→ **WHAT YOU NEED TO DO**
Write out the opening lines of the data word for word, up to and including the line with "kon (siehe Box)", and leave every picture and every later line out.

Dataset records:
----------------

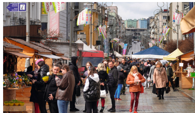
● Mimo nie najlepszej pogody Jarmark Wielkanocny cieszy się dużym zainteresowaniem. Stoiska na ulicy Sienkiewicza będą czynne do 7 kwietnia.
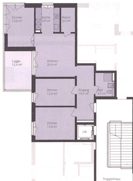
Grundriss einer Viereinhalbzimmerwohnung mit 87 Quadratmetern Wohnfläche und einer 12,4 Quadratmeter grossen Loggia.

kon (siehe Box) und liegt nur wenige Gehminuten vom Bahnhof Dietikon und rund 15 Zugminuten vom Zürcher Hauptbahnhof entfernt. In zwei ausserordentlichen Generalversammlungen stimmten die Genossenschaftsmitglieder 2011 dem Kauf des Rüchlig-Areals und des benachbarten Grundstücks der Fincasa AG zu. 2013 wählten die beiden Baupartner das Siegerprojekt aus, der Spatenstich fand im Sommer 2017 statt. Im August 2019 zogen die ersten Mieter ein.
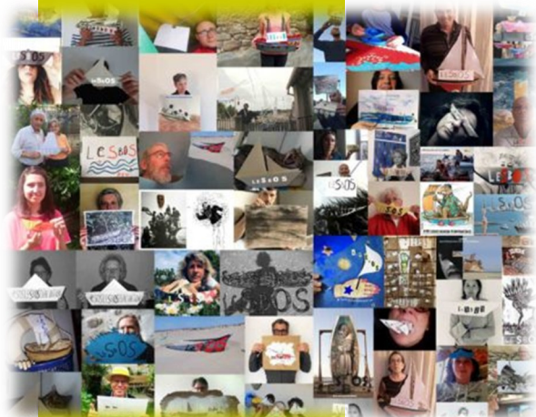
Mur de photos pour interpeller sur la situation des camps de réfugiés sur l'île de Lesbos, La Cimade

Dans ce brouillard du confinement et grâce au tissage de liens, les plus vulnérables ont su réagir à la précarité et ont donné la force aux associations de faire face à cette tempête avec créativité. L'espérance nous pousse à persévérer, nous apporte paix et sérénité dans ce qui adviendra.

----------------

→ **TASK OUTPUT**
● Mimo nie najlepszej pogody Jarmark Wielkanocny cieszy się dużym zainteresowaniem. Stoiska na ulicy Sienkiewicza będą czynne do 7 kwietnia.
Grundriss einer Viereinhalbzimmerwohnung mit 87 Quadratmetern Wohnfläche und einer 12,4 Quadratmeter grossen Loggia.

kon (siehe Box) und liegt nur wenige Gehminuten vom Bahnhof Dietikon und rund 15 Zugminuten vom Zürcher Hauptbahnhof entfernt. In zwei ausserordentlichen Generalversammlungen stimmten die Genossenschaftsmitglieder 2011 dem Kauf des Rüchlig-Areals und des benachbarten Grundstücks der Fincasa AG zu. 2013 wählten die beiden Baupartner das Siegerprojekt aus, der Spatenstich fand im Sommer 2017 statt. Im August 2019 zogen die ersten Mieter ein.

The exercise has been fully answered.